The ability to define pharmacodynamic endpoints using non-invasive imaging modalities will be an essential component of the preclinical and clinical studies of targeted anti-TAM therapy. At present, the response of tumors to drug therapy is determined mainly by computed tomography (CT) or magnetic resonance imaging (MRI). These modalities assess changes in tumor size over several weeks or months and are unable to show changes in TAM density early in therapy. The use of imaging techniques like 18F-fluoro-deoxy-glucose positron emission tomography ([18F]FDG-PET) and dynamic contrast-enhanced MRI (DCE-MRI) allows metabolic and functional changes in tumors to be detected early in the course of drug therapy. However, [18F]FDG-PET and DCE-MRI cannot directly distinguish between tumor cells and TAMs. In particular, these techniques cannot distinguish M1 macrophages from M2 macrophages. Therefore, a suitable imaging technique is needed for detection of M2 macrophage sub-population, and for direct assessment of the depletion of TAMs. Recently, a magneto-fluorescent nanoparticle was shown to label endogenous TAMs selectively and can be tracked noninvasively using fluorescence molecular tomography, T2-weighted MRI, and microscopy [11].

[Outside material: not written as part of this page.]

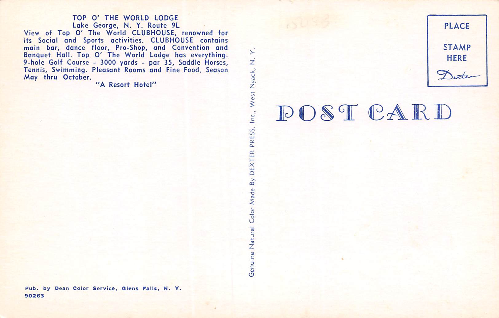 Lake George New York Top O’ The World Lodge, Photochrome Vintage Postcard U11960

We have previously reported on a biodegradable macromolecular MRI contrast agent, poly(L-glutamic acid)-Gd-chelated p-aminobenzyl-diethylenetriaminepentaacetic acid (PG-Gd), that localizes to tumor peri-necrotic areas [12]. In this study, we seek to evaluate the use of a dual magneto-optical imaging probe, PG-Gd-NIR813, for noninvasive assessment of TAMs after intravenous injection.
2. Materials and Methods
2.1. Materials
Poly(L-glutamic acid) (PG) sodium salt, 1,3-diisopropylcarbodiimide, pyridine, 4-dimethylaminopyridine, trifluoroacetic acid (TFA), gadolinium (III) chloride hexahydrate, 1-ethyl-3-(3-dimethylaminopropyl)-carbodiimide (EDC), 2-(morpholino)ethanesulfonic acid buffer (MES), IR-783 dye, N-hydroxysuccinimide (NHS), N,N-diisopropylethylamine, and all the other reagents and solvents used were purchased from Sigma-Aldrich (St. Louis, MO). N-tert-butoxycarbonyl-1,5-diamino- pentane toluenesulfonic acid salt was purchased from Novabiochem (San Diego, CA). 4-Mercaptobenzoic acid was purchased from TCI (Portland, Oregon). p-Aminobenzyl-diethylenetriaminepentaacetic acid(t-butyl ester) (DTPA ester) was obtained from Macrocyclics (Dallas, TX). Spectra/Pro 7 dialysis tubing with a molecular weight cut-off of 10,000 and PD-10 columns were purchased from Amersham-Pharmacia Biotech (Piscataway, NJ).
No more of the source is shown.